5 avril 2009
Jeudi, le Collectif cinéma 22 et le Quai des images proposait une «petite leçon de cinéma» autour du cinéaste algérien Rabah Ameur Zaïmeche.
Après la projection du dernier long-métrage de Rabah Ameur Zaïmeche, «Le dernier maquis», Sarah Sobol, première assistante du réalisateur et productrice, ainsi que Gilles Mouëllic, professeur en études cinématographiques à l'université Rennes 2, ont évoqué le travail du cinéaste algérien.
Trois longs métrages
Rabah Ameur Zaïmeche a tourné trois longs métrages: «Wesh Wesh, qu'est-ce qui se passe?» (2001), «Bled Number One» (2005) et «Le Dernier Maquis» (2008). «Le Dernier Maquis» a été tourné dans une entreprise de Villeneuve Le Roi (94), à quelques kilomètres d'Orly (94), il y a un an et demi: «Au fond d'une zone industrielle qui se meurt, Mao, un chef d'entreprise musulman, possède une entreprise de palettes et un garage de poids lourds. Il décide d'ouvrir une mosquée et désigne l'imam, sans aucune concertation... Cela va engendrer des problèmes».

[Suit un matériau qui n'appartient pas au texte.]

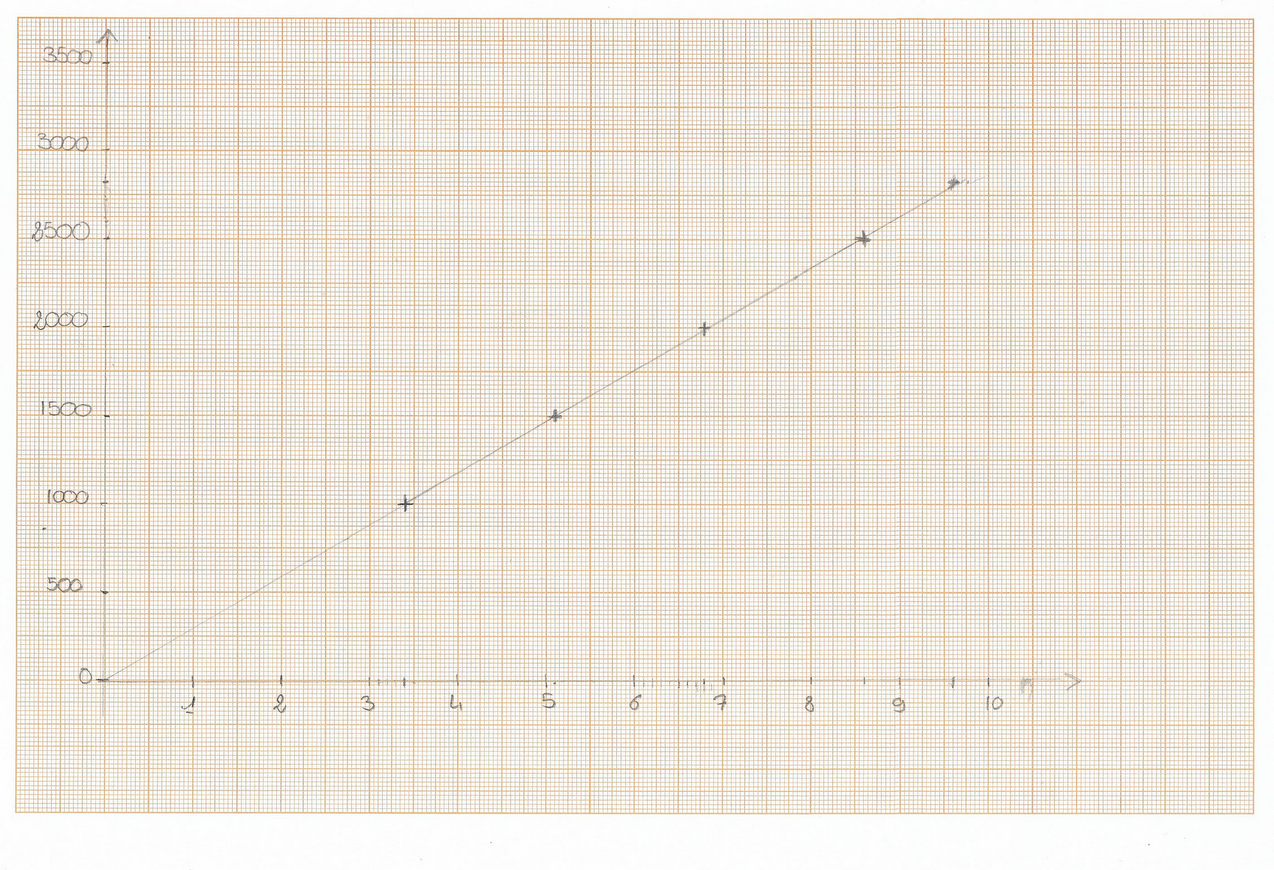 E-Bahut julesx Posté(e) le 25 novembre 2018 E-Bahut Signaler Posté(e) le 25 novembre 2018 Tu aurais dû donner suite tout de suite après. Ainsi, j'aurais pu voir comment tu as interprété ma réponse et j'aurais pu "rectifier le tir" si nécessaire. Voilà ce que je voulais que tu fasses : * Commencer par calculer les inverses de λmen m-1 (pour tracer la courbe, le mieux était de regrouper les résultats sous forme d'une série de coordonnées). En arrondissant à 2 chiffres après la virgule et en notation scientifique, il vient (3,45*105;1000) (5,13*105;1500) (6,90*105;2000) (8,62*105; 2500) (9,62*105;2800) * Ensuite, reporter les points dans un graphique avec, par exemple, comme échelle, 1 cm = 105 m-1 et 1 cm = 500° et regarder si on peut y faire passer une droite passant par l'origine (voir pièce jointe, en ordonnée, j'ai un peu dilaté l'échelle). Comme c'est le cas, il ne te reste plus qu'à en déduire la pente A et voir si tu obtiens une valeur compatible avec celle que donne la loi de Wien.
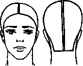 Рис.6. Деление волос на зоны: 1— верхняя затылочная; 2 —нижняя затылочная; 3 —теменная; 4 — височная;
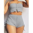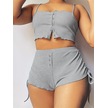 Munn Collection Kadın Ip Askılı Crop Bluz Ve Yanlardan Büzgülü Ikili Kaşkorse Short Takım Gri

Une petite équipe de tournage
Le cinéaste a décidé de créer sa maison de production pour faire ses films en toute liberté. Une liberté que Sarah Sobo a tenté d'expliquer: «Rabah Ameur Zaïmeche dit souvent, "avant le tournage, on est dans la tempête, quand le tournage démarre, les voiles sont baissées et on se laisse porter". Nous sommes une petite équipe de dix personnes polyvalentes. Tous les éléments du film ont leur importance. «Le Dernier Maquis» est un film entre le documentaire et la fiction. Rabah travaille plutôt oralement qu'avec un scénario bien établi». «Ce film, c'est le prix de la liberté. Rabah Ameur Zaïmeche nous montre son engagement politique à travers le cinéma», a ajouté Gilles Mouëllic.